◆ **SOURCE MATERIAL**
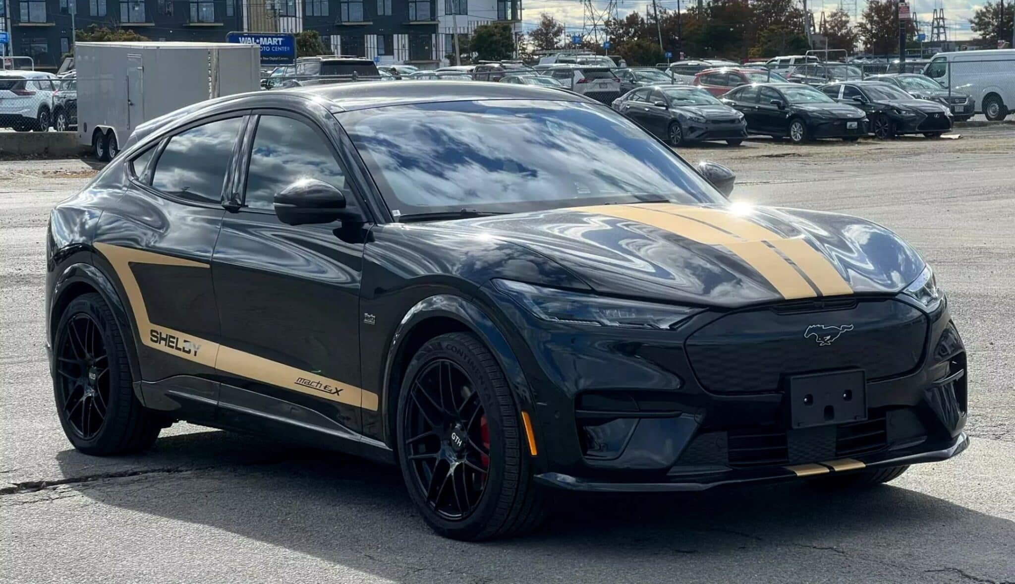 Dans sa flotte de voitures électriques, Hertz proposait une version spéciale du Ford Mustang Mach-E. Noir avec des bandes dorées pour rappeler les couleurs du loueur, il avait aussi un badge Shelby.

* * *

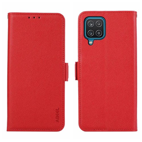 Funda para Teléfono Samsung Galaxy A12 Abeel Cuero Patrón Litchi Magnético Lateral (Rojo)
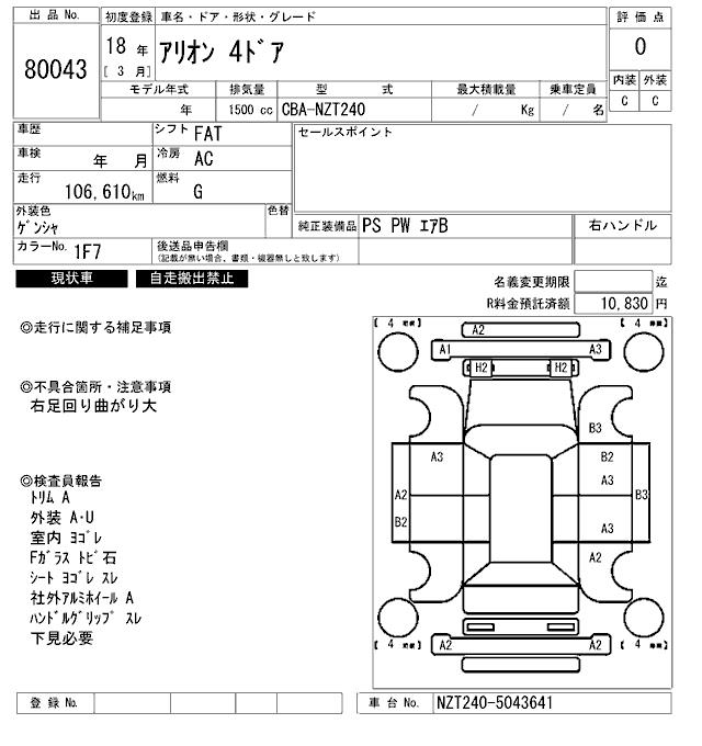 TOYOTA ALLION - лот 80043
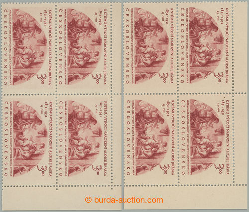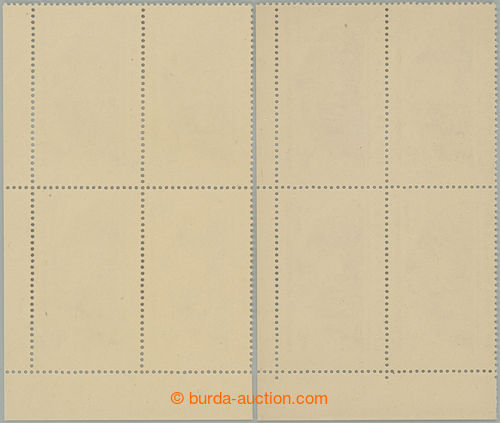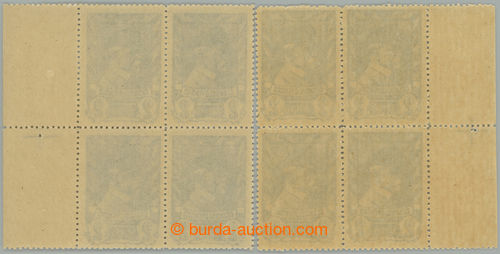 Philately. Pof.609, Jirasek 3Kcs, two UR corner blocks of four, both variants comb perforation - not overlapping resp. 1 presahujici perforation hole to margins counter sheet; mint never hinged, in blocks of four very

◆ **TASK GOAL**
Go back to the listing above and write out the lines starting at the one with "TOYOTA ALLION - лот 80043" and ending at the one with "Philately. Pof.609, Jirasek", inclusive, exactly and without pictures.

◆ **RESULT**
 TOYOTA ALLION - лот 80043
 Philately. Pof.609, Jirasek 3Kcs, two UR corner blocks of four, both variants comb perforation - not overlapping resp. 1 presahujici perforation hole to margins counter sheet; mint never hinged, in blocks of four very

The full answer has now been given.